→ **PROBLEM DESCRIPTION**:
The complete listing goes into the output exactly, without its pictures.

→ **RECORDED INFORMATION**:
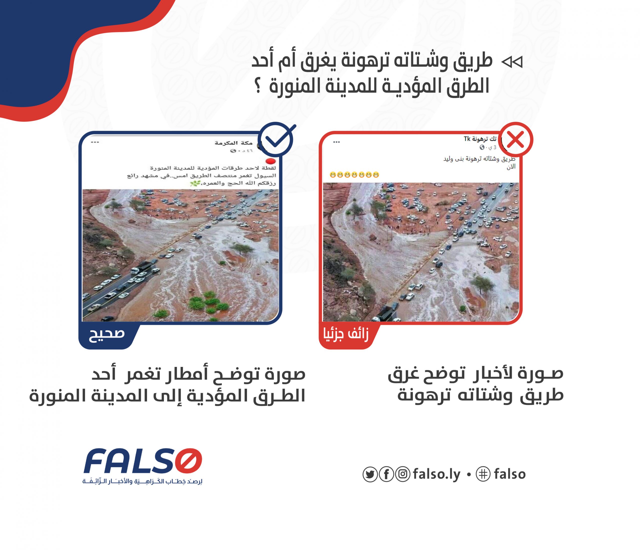 تحقق فريق فالصوا من الصورة المنشورة عبر محركات “جوجل ” حيث تبين أن الصورة تعود لحد الطرقات المؤدية إلى المدينة المنورة في المملكة العربية السعودية والتي نشرت عبر صفحة مكة المكرمة التي اعتبرتها كمشهد رائع دون التحذير من إنها كارثة . ✅✅
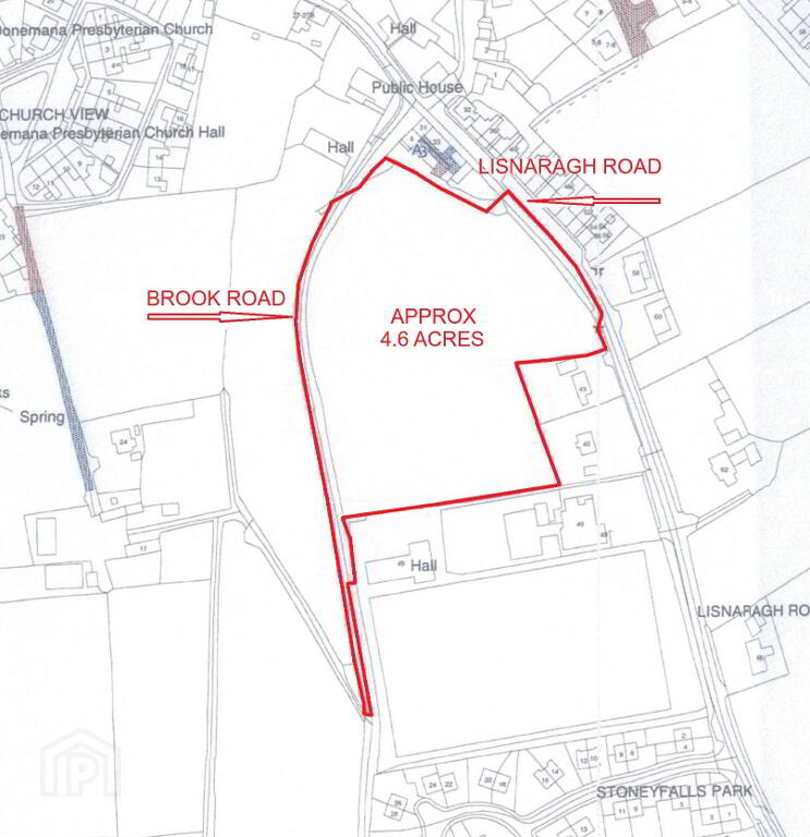 THE LAND:  Approximately 4.6 acres situated within the boundaries of Donemana village, fronting onto both the Brook Road and the Lisnaragh Road. Occupying a prominent location within the village, the land offers the purchaser prime development potential close to 2 already established residential developments, is adjacent to a primary school and playing field and within walking distance of the village’s amenities.  Donemana is conveniently located 13 miles from Derry / Londonderry and 8 miles from Strabane.
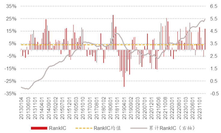 - 整合因子的长期RankIC均值为5.53%,年化RankICIR1.09,胜率72.59%,多空年化收益4.71%,预测性能优于单独因子(表1,图29-30)。

→ **WRITTEN SOLUTION**:
 تحقق فريق فالصوا من الصورة المنشورة عبر محركات “جوجل ” حيث تبين أن الصورة تعود لحد الطرقات المؤدية إلى المدينة المنورة في المملكة العربية السعودية والتي نشرت عبر صفحة مكة المكرمة التي اعتبرتها كمشهد رائع دون التحذير من إنها كارثة . ✅✅
 THE LAND:  Approximately 4.6 acres situated within the boundaries of Donemana village, fronting onto both the Brook Road and the Lisnaragh Road. Occupying a prominent location within the village, the land offers the purchaser prime development potential close to 2 already established residential developments, is adjacent to a primary school and playing field and within walking distance of the village’s amenities.  Donemana is conveniently located 13 miles from Derry / Londonderry and 8 miles from Strabane.
 - 整合因子的长期RankIC均值为5.53%,年化RankICIR1.09,胜率72.59%,多空年化收益4.71%,预测性能优于单独因子(表1,图29-30)。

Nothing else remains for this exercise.